Со вчерашнего вечера ничего не изменилось.

Две дамы приветливо смотрели на него, стоя в большой светлой комнате возле тумбочки с фикусом и та, что повыше, с вуалью на шляпке, была замечательно хороша собой, особенно красивы чистые глубокие глаза, в которые вчера вечером перед сном Виктор долго смотрел, отдавая должное качеству фотографии столетней давности на выцветшем полотняном коврике над кроватью.

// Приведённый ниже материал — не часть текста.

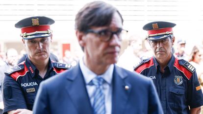 La visita a Egara no solo se explica por el hecho de que la seguridad sea una de las obsesiones del nuevo Govern, sino también por la situación crítica en que han quedado los Mossos desde el pasado 8 de agosto. Después de siete años huido, Carles Puigdemont regresó a Cataluña consciente de que sobre él pesaba una orden de detención nacional emitida por el juez Pablo Llarena, que lo mantiene procesado por malversación en el procés. La policía catalana diseñó un operativo con más de 600 agentes en torno al Parlament para garantizar la sesión de investidura —que se celebró sin incidentes y convirtió a Illa en president— y, al mismo tiempo, la detención de Puigdemont. Esta no fue posible porque, tras hablar ante miles de personas en un escenario en el Arc de Triomf, en pleno centro de Barcelona, el líder de Junts se dio a la fuga en un coche con el asesoramiento previo, supuestamente, de tres agentes de la policía catalana.
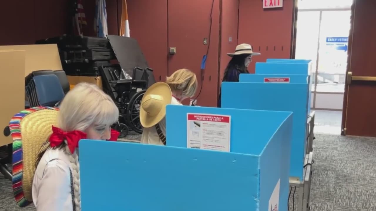 Varias mujeres, vestidas de adelitas, llegaron a la biblioteca Rudy Lozano, en el vecindario de Pilsen, para resaltar la importancia de salir a votar en el periodo de votación temprana para las elecciones generales del 5 de noviembre. “Nosotros podemos cambiar nuestro futuro, debemos utilizar nuestras armas, que son nuestra voz y voto”, dice la pastora y líder comunitaria Ema Lozano.

Кем являются прекрасные незнакомки, он до сих пор не знал, несмотря на двухмесячные розыски в пыльных шкафах и сундуках.

Меж тем с большой долей вероятности можно предполагать, что по крайней мере одна из них имела непосредственное отношение к этой комнате и самой кровати, на которой теперь спит он. Возможно, то была её собственная кровать (дамы с вуалькой), во всяком случае, очень бы хотелось на это надеяться. Тогда старая рухлядь делалась несколько приятнее в пользовании.

Стоит повторить попытку катапультирования из провисшего гамаком лежбища. Он поднял ноги, отвёл назад, насколько было возможно это сделать, находясь в данном положении, после чего резко распрямился, воспарив над железным краем койки в стиле Фюсбери (вниз глядеть строжайше запрещено), в конце продолжительного полёта сгруппировался и аккуратно брякнулся на корточки посреди комнаты, мысленно себе рукоплеща.

Беда лишь в том, что пол не совсем чист.

Противником в борьбе за чистоту жилища выступал дощатый нештукатуреный потолок, рассохшиеся от старости доски которого имеют щели шириной в палец, и оттуда напрямую с чердака сыплются иногда сухие кусочки древесины, частицы пыли и шлака, покрывая собой крашеные доски пола и все прочие поверхности спальни мелким едким мусором. Проедет по улице тяжёлый грузовик — стены в такт содрогнутся, а сверху — п-ш-шш — сыпанёт за шиворот горсть сухой гадости.

Коврик возле кровати отсутствует. То есть он лежал здесь ранее — плешивый кусок, криво отрезанный от большого персидского ковра, но ему не повезло: слишком пропах лекарствами и старческой беспомощностью, что заставило расстаться с ним сразу же, преодолевая, во-первых, счастливую леность упоительных майских дней, объявшую Виктора после того, как он переехал в этот дом, а во-вторых, и ещё одно совсем уж непонятное внутреннее чувство, запрещающее почему-то нарушать сложившийся местный порядок вещей. Новый хозяин вынес его в мусорный бак вместе с ведром пустых пузырьков и ампул из-под лекарств. По сути, коврик стал единственным предметом, который он выбросил после приобретения данной недвижимости в тихом центре города.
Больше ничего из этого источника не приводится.